Microfluidics has emerged as a promising platform for discovery and detection of molecular biomarkers recently. With this approach, the discovery of these biomarkers could be more efficient in time and consumes less samples and reagents. Furthermore, the entire discovery process could be automated since all the functional microfluidic devices such as micropumps and microvalves could be integrated on a single chip. Similarly, the detection of the discovered molecular biomarkers is also promising. Detection of nucleic acid biomarkers, protein biomarkers, and metabolite biomarkers has been demonstrated on microfluidic platforms recently.
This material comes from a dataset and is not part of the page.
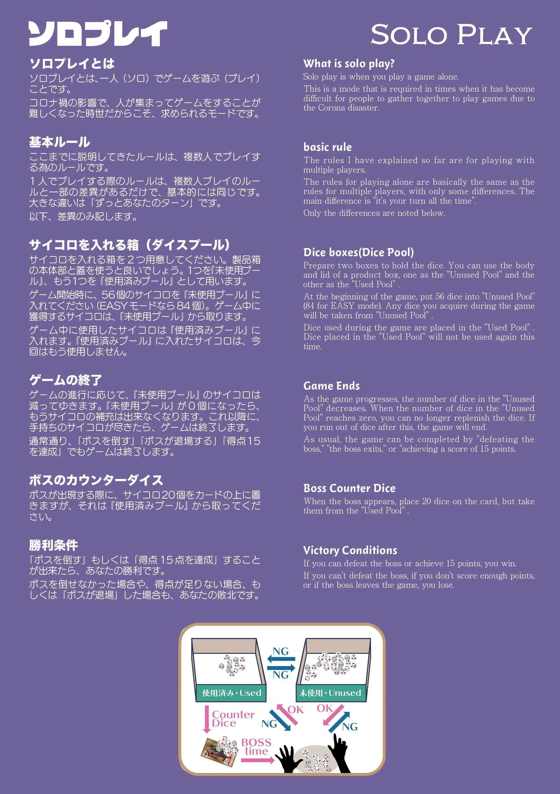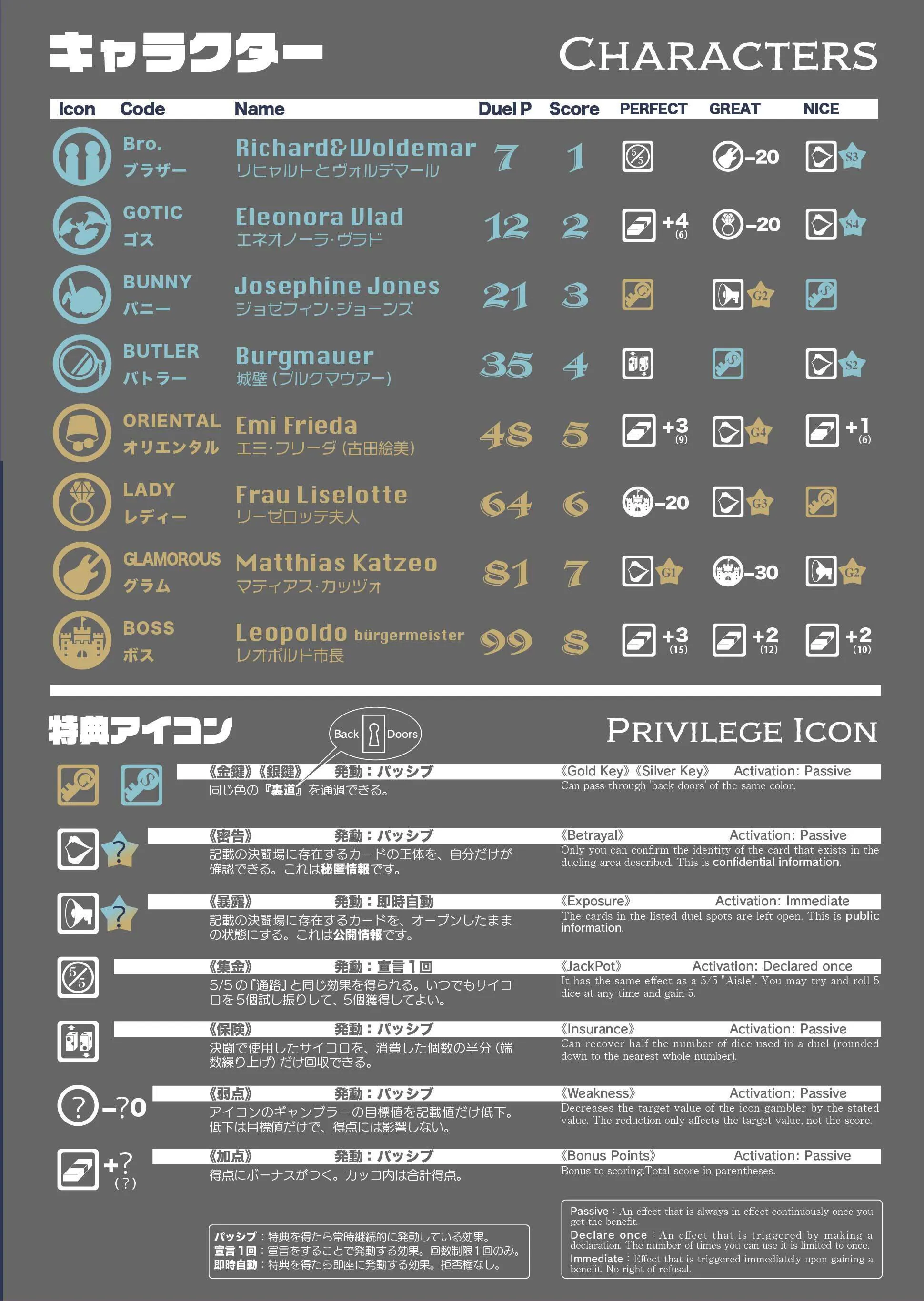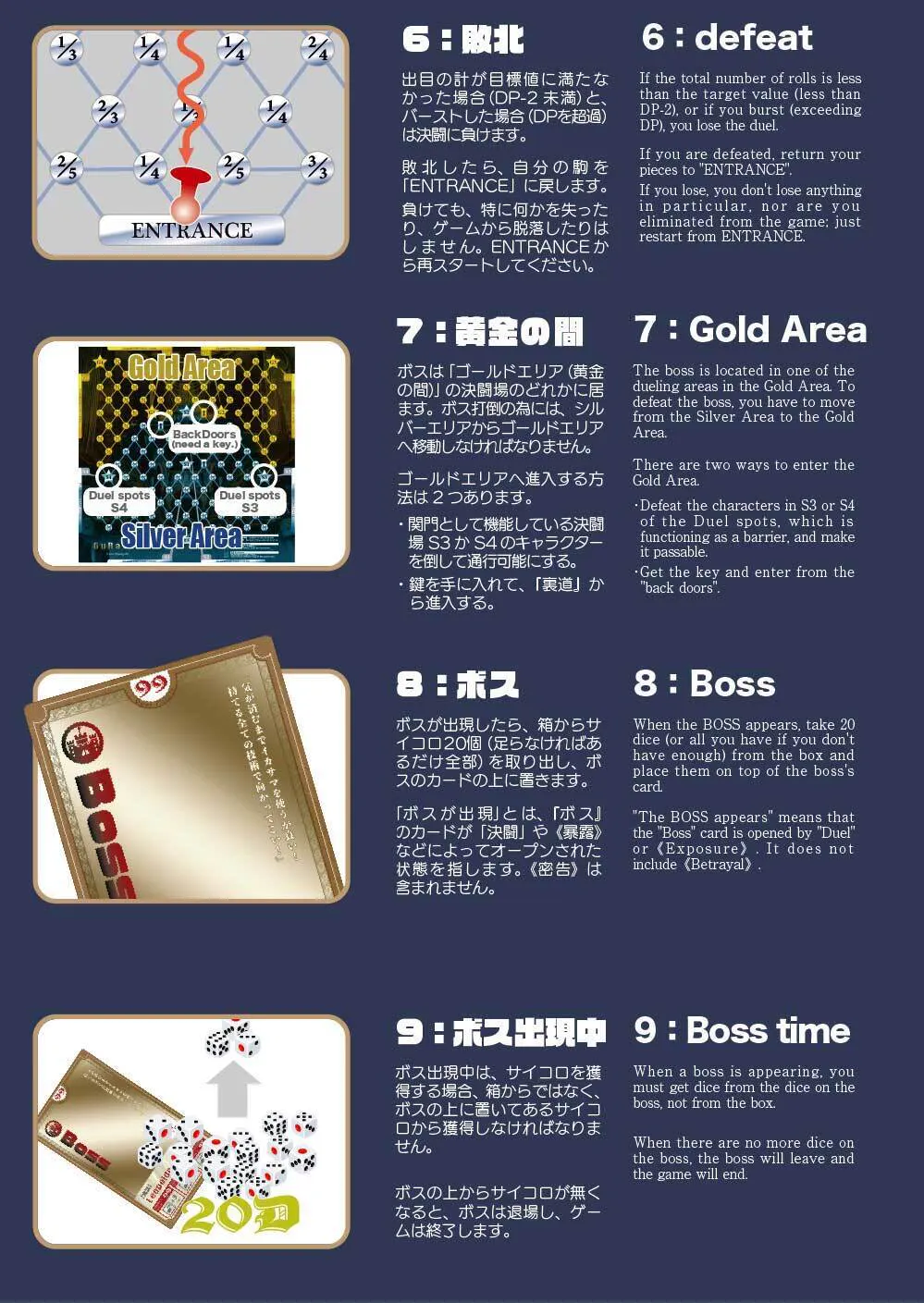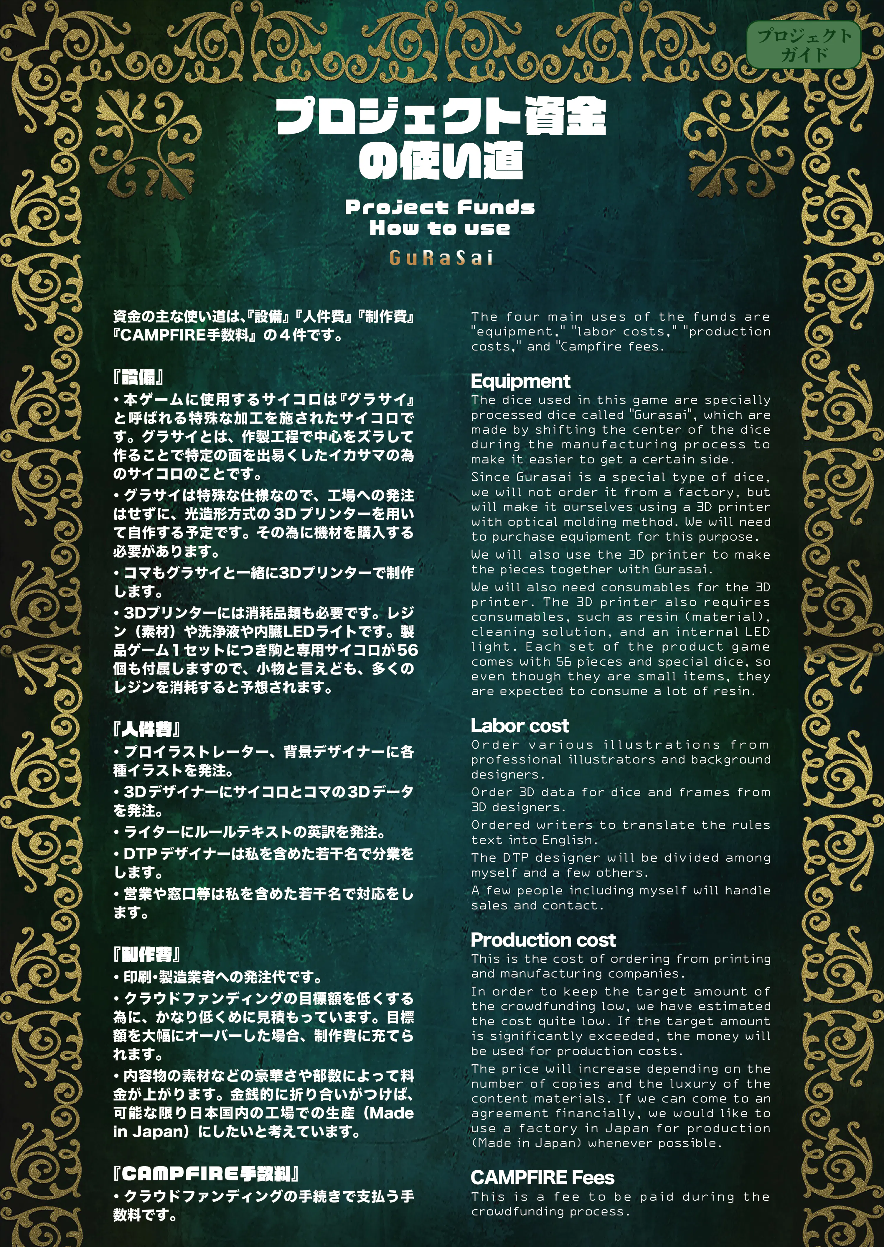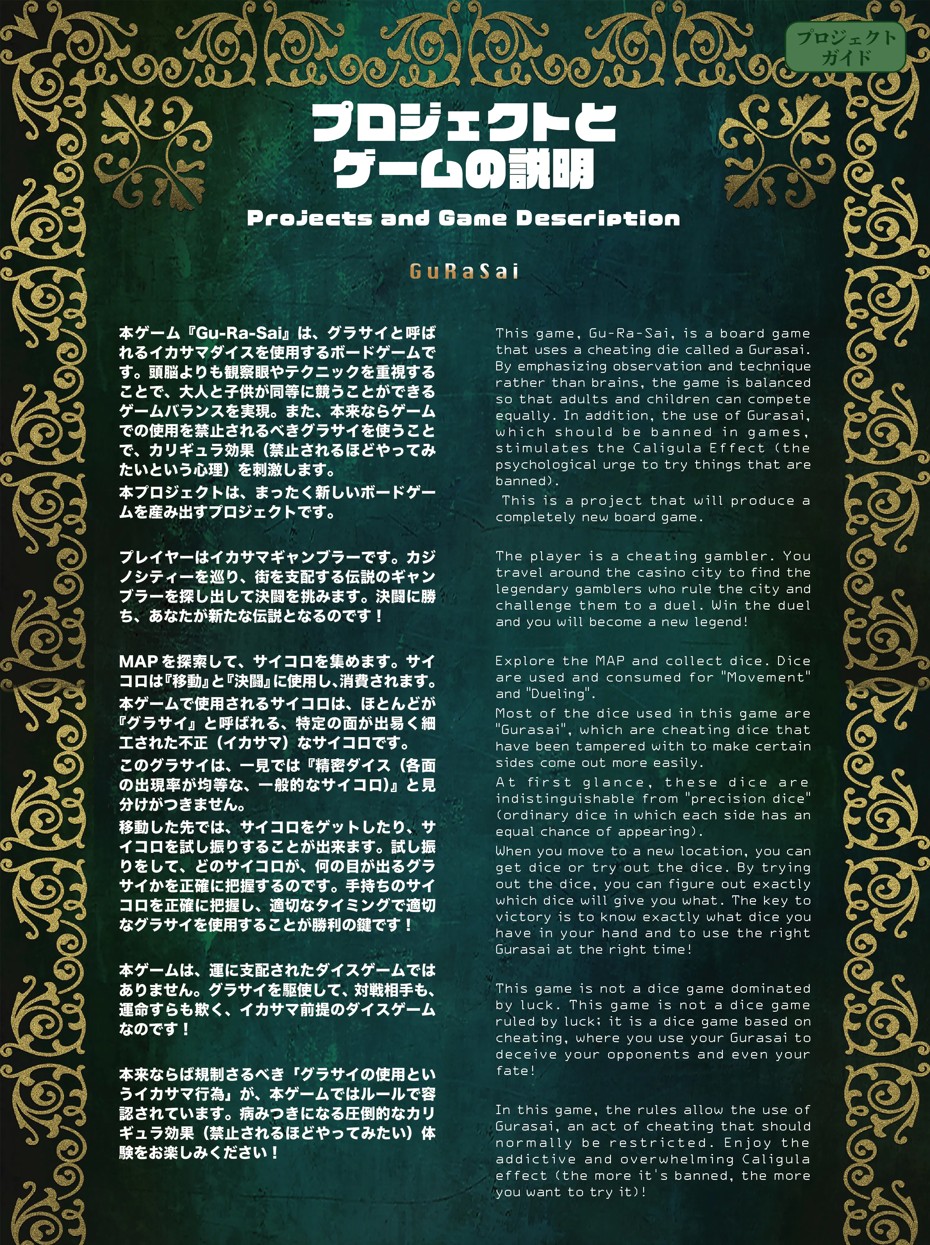 2021/05/09 07:47「何をするゲームか?」をホームで早い段階で示して欲しい、というご意見を戴きました。I've been asked to indicate early on at home, "What's the game about? We received a suggestion to show "what the game is about" early on at home.TOPイメージの4枚目と、ホームの中程には該当の画像を掲載していたのですが、確かに言われる通り、最優先に近い優先度で表示した方が概要を掴み易いですね。I had posted the 4th image on the top image and the corresponding image in the middle of the home page, but as you said, it would be easier to grasp the overview if it was displayed with priority near the top.掲載順番を差し替えようと思いますが、更新する為にはCAMPFIREの審査が必要であり、反映されるまでに時間が掛かりますので、取り急ぎ、この『活動報告』のページで該当画像をピックアップしておきます。I will replace the order in which the images are posted, but it will take time for CAMPFIRE to review them, so I will pick up the relevant images on the "Activity Report" page as soon as possible.ここはカジノシティー。キミは余所者のイカサマギャンブラー。街の支配者・ボスである伝説のギャンブラーを倒す為、この街に来ました。立ちはだかる刺客ギャンブラーたち。奴らをグラサイ(イカサマ仕様サイコロ)で返り討ちにして、ボスの居処を吐かせましょう。ボスを探し出し、決闘を挑んで倒す! キミがこの街の新たな伝説となるのです!1)サイコロを集める!2)刺客を倒す!3)ボスの居場所を吐かせる!4)ボスを倒す!◆基本情報1人〜4人(基本セット)・ソロプレイ可能なので、おひとりでも気軽に遊べます。・拡張セットなら、最大6人まで同時プレイが可能。20〜45分 が、プレイ時間の大体の目安です。・ソロプレイなら15分以内。・複数人でのプレイ時間は、早くて「プレイヤー人数×5分 +5分」、長くても「プレイヤー人数×10分 +10分」ぐらいとなります。ゲームに慣れていない場合は、さらに+15分ぐらいかかるかもしれません。・最短ルート(GOTHIC → ORIENTAL)が成功すれば、10分でクリアが可能です。8歳〜大人・子供でも理解できるシンプルルール。・大人の嗜好にも耐え得る、駆け引きと戦術。・子供と大人が対等に競えるので、ファミリーゲームとしてお楽しみ頂けます。グラサイとは、内部に細工を施したサイコロのことです。重心を調整して特定の面を出易くした、イカサマの為のサイコロです。特製のグラサイ48個に精密ダイス8個を含む計56個のサイコロが封入されています。普通のサイコロと見た目では区別できません。どの面が出易いグラサイなのかは、試し振りで判断するしかありません。移動でも決闘でもサイコロを振る際に、どの目が出るかが予め判っていれば、圧倒的に有利に立ち回れます。どのサイコロがどの面が出易いかを正確に把握して、適切なタイミングで使用する観察眼と勝負勘が、本ゲームの必勝法です。従来のゲームでは禁止されるイカサマ専用ダイスを堂々と振る。カリギュラ体験!「禁止されるほどやってみたい」という心理。それがカリギュラ効果です。従来のゲームでは使用を禁止されるであろうグラサイ(イカサマ専用サイコロ)の使用を敢えてルールで認めたイカサマ勝負!甘美的なカリギュラ効果をご体験ください。子供は観察と勘で!大人は経験と駆け引きで!子供と大人が対等に競えます。ファミリーゲームとしてもお楽しみ頂けます。サイコロの正体を見極めよう!サイコロの出目を支配すれば百戦殆うからず!強い刺客に勝つには、多くのサイコロが必要!得点の高い強敵を倒そう!1)サイコロを振ってMAPを移動します。移動先のマスで、サイコロの『試し振り』と、サイコロの『獲得』が出来ます。2)サイコロは『移動』と『決闘』に使用しますが、『試し振り』以外で使用したサイコロは消費します(箱に戻します)ので、常にサイコロを『獲得』して多く保つ必要があります。3)『獲得』したサイコロが、どんなグラサイか精密ダイスかは、振って判断するしかありません。『試し振り』で不明なサイコロの正体を確認します。4)MAPのデュエルスポット(決闘場)に辿り着くと、敵ギャンブラーとの決闘です。勝てば、得点と「ボスの居場所に関する情報」などの特典が得られます。勝ち様(PERFECT、GREAT、NICE)も特典に影響します。5)ボスを探し出して決闘します。勝てば大量得点を得て、ゲームは終了です。6)最終的に、もっとも得点を多く獲得したプレイヤーが勝者であり、伝説となります。 もっと見る

When compared with their large-scale counterparts, the miniature system can perform the detection of these biomarkers within less analysis time while a multiplexed detection scheme could be easily achieved. Furthermore, the entire detection process could be automated on the single chip as well. This review paper is therefore to review the recent development of microfluidic devices and systems for the discovery and detection of the molecular biomarker. Techniques for biomarker discovery, verification, and detection that have been adapted into microfluidics were first reviewed, and their advantages were highlighted. The new approach of biomarker screening based on in vitro-generated affinity reagents such as nucleic acid aptamers and peptide affinity reagents was then reviewed. Finally, in the biomarker detection section, this review placed a special emphasis on commercialized microfluidic-based diagnostics for molecular biomarkers.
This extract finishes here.